For feature requests:

  1. Use Case: Describe the scientific problem

  2. Proposed Solution: How should it work?

  3. Alternatives: What workarounds exist?

  4. Examples: Show expected API usage

EPR Domain Knowledge

Contributing EPR-Specific Features

When adding EPR-specific functionality:

  • Physical Accuracy: Ensure equations and constants are correct

  • Units: Be explicit about units (Gauss vs Tesla, etc.)

  • Conventions: Follow EPR community standards

  • References: Cite relevant papers and textbooks

Example - g-factor calculation:

def calculate_g_factor(frequency_hz: float, field_gauss: float) -> float:
    """Calculate g-factor from resonance condition.

    Uses the EPR resonance condition: hν = gμBB

    Args:
        frequency_hz: Microwave frequency in Hz
        field_gauss: Magnetic field in Gauss

    Returns:
        Dimensionless g-factor

    References:
        Weil, J. A., & Bolton, J. R. (2007). Electron paramagnetic
        resonance: elementary theory and practical applications.
        John Wiley & Sons.
    """
    from epyr.physics import PLANCK, BMAGN

    # Convert Gauss to Tesla
    field_tesla = field_gauss * 1e-4

    # g = hν / (μB * B)
    return (PLANCK * frequency_hz) / (BMAGN * field_tesla)

Common Contribution Areas

Areas where contributions are especially welcome:

  1. New File Formats: Support for other spectrometer manufacturers

  2. Analysis Algorithms: Advanced peak fitting, simulation

  3. Visualization: Interactive plots, publication templates

  4. Data Processing: Noise reduction, phase correction

  5. Integration: Bridges to other software (Origin, MATLAB)

Code Review Process

What to Expect

  1. Automated Checks: CI runs tests and style checks

  2. Maintainer Review: Core team reviews code and design

  3. Community Feedback: Other users may comment

  4. Iteration: Expect requests for changes or improvements

Review Criteria

  • Correctness: Does the code work as intended?

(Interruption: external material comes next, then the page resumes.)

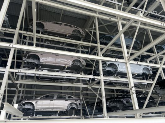 23일 찾은 니오의 F2공장은 전시장과 연결된 구름다리를 지나자 거대한 블록마다 들어선 차체가 눈길을 사로 잡았다. ‘매직 큐브’라 불리는 차체 저장 공간이다. 총 6층 높이로 구성된 이곳에는 700대의 차체가 보관된다. 차체 작업장에서 조립된 차량의 뼈대는 도색 작업까지 마친 뒤 이곳으로 이동한다. 각각의 칸에는 니오의 8개 모델이 색상별로 대기하고 있다가 고객의 주문과 동시에 생산에 들어간다.

  • Testing: Are there adequate tests?

  • Documentation: Is it properly documented?

  • Style: Does it follow project conventions?

  • Performance: Is it reasonably efficient?

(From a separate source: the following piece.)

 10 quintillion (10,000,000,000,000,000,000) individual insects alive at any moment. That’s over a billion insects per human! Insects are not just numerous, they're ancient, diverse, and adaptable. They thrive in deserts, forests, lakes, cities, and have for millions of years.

  • Compatibility: Works with supported Python versions?

Getting Help

If you need help contributing:

  1. GitHub Discussions: Ask questions about implementation

  2. Issues: Tag issues with “help wanted” or “good first issue”

  3. Email: Contact maintainers for major changes

  4. Documentation: Check existing docs and examples

Recognition

Contributors are recognized in:

  • CHANGELOG.md: Major contributions noted in release notes

  • AUTHORS: List of all contributors

  • Git History: Detailed commit attribution

  • Documentation: Citation in relevant sections

Thank you for contributing to EPyR Tools and supporting the EPR research community!